Comparison of Hadoop performance on 10GbE, and InfiniBand over IP and HiBD library for native InfiniBand QDR.Summer talks about his deployed Hadoop 10GbE (possibly through a twisted pair). “The ubiquity of Ethernet is a fact that cannot be dismissed, and with platforms such as Hadoop, I tend to say that it is better to rely on technologies that develop network technologies and simplify data transfer (Cloudera Impala, Tez changes in Apache) Hive, etc.). I also firmly believe that the same data from the cache can be used when transferring in more packets, and this optimizes the transfer of my data from the data center to the recipient on that side. ”
RoCE Application
InfiniBand also competes with new technology, which claims to give the same benefits as InfiniBand, but via Ethernet. This is called RDMA over a converged Ethernet network (RDMA over Converged Ethernet - RoCE) and shows faster throughput and lower latency than traditional Ethernet.

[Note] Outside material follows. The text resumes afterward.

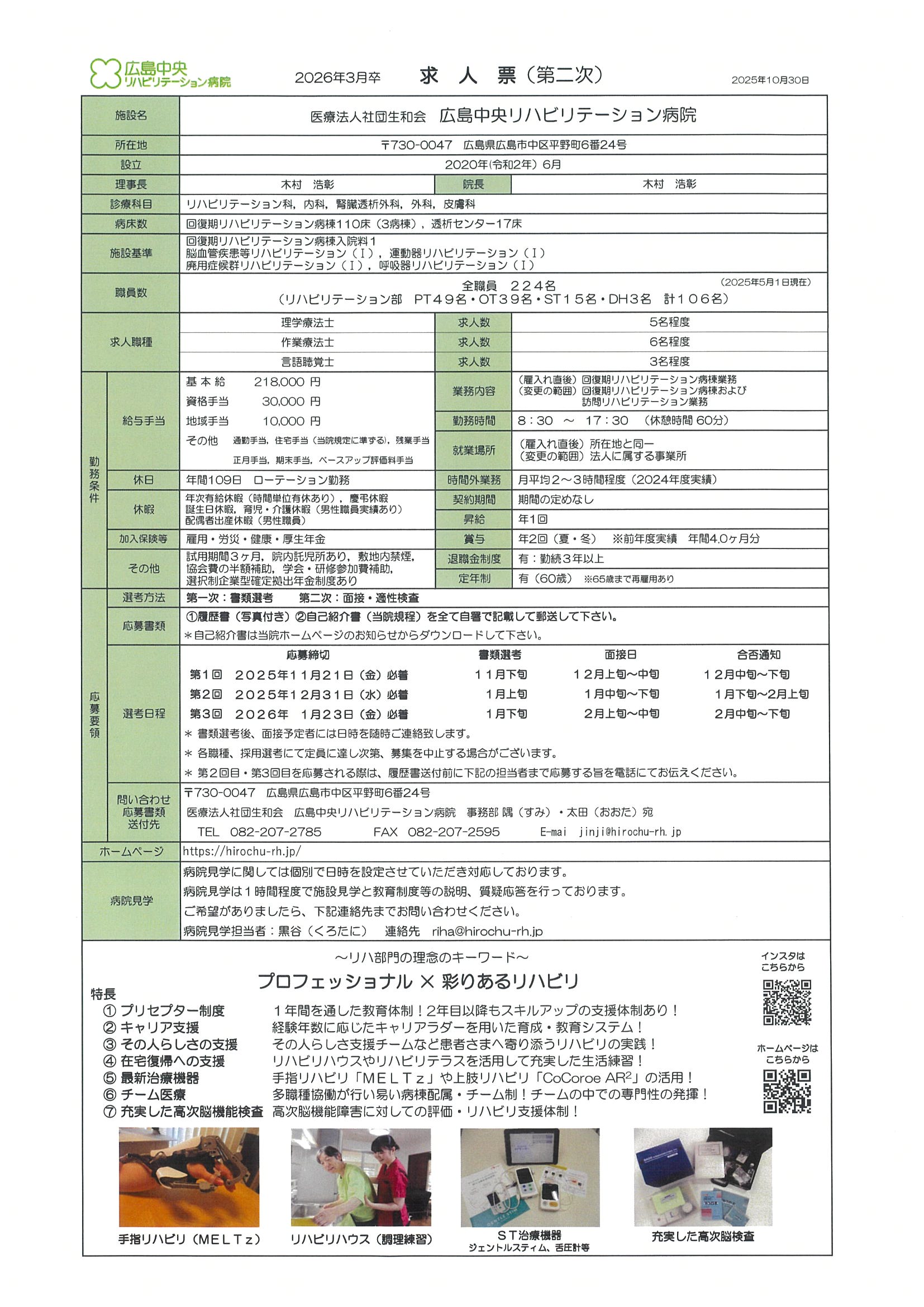 リハビリテーション部 2025年度新卒募集のお知らせ 第二次募集(第1回11月21日締め切り)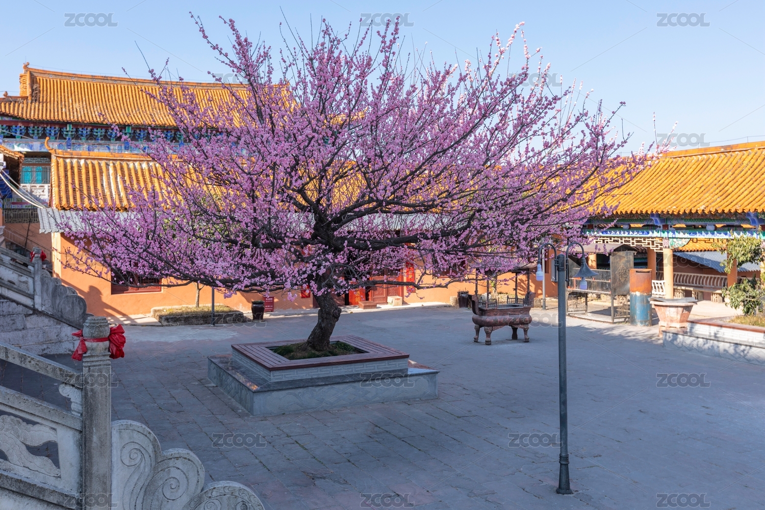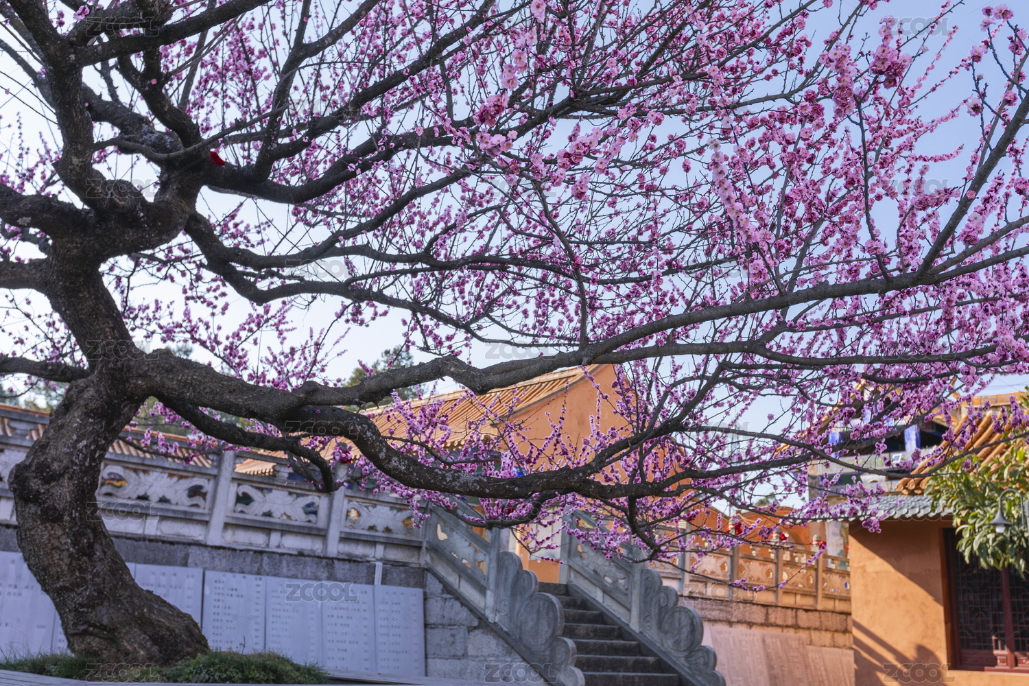 中国云南昆明棋盘山棋盘宫百年古树梅花盛开

Professor Panda’s research team also develops RoCE libraries for switches and Hadoop network devices and software solutions that support memory caching. Mellanox supports both the RoCE protocol and the InfiniBand protocol in its devices.
Whatever technology users choose for the connection, Professor Panda advises to think carefully and weigh the pros and cons of the various options - “The question is what quality of routing and control is necessary. If an organization feels comfortable with a good sysadmin who understands Ethernet, the RoCE option is preferable for them. But if some organizations have good competence in InfiniBand, then there can be no agony of choice between InfiniBand or RoCE. ”
The volume of data is growing, and companies need to more quickly analyze this data. This forces them to build new clusters — large and fast — with SSDs and multi-core processors. It becomes obvious that the RDMA approach — or InfiniBand or RoCE — needs to be adapted by large data-intensive organizations.
Related Links:
»
Unravelling Hadoop Performance Mysteries (EnterpriseTech)»
Why Big Data Needs InfiniBand to Continue Evolving»
Hadoop: what, where and why»
The most popular network for supercomputers or Why did we choose InfiniBand?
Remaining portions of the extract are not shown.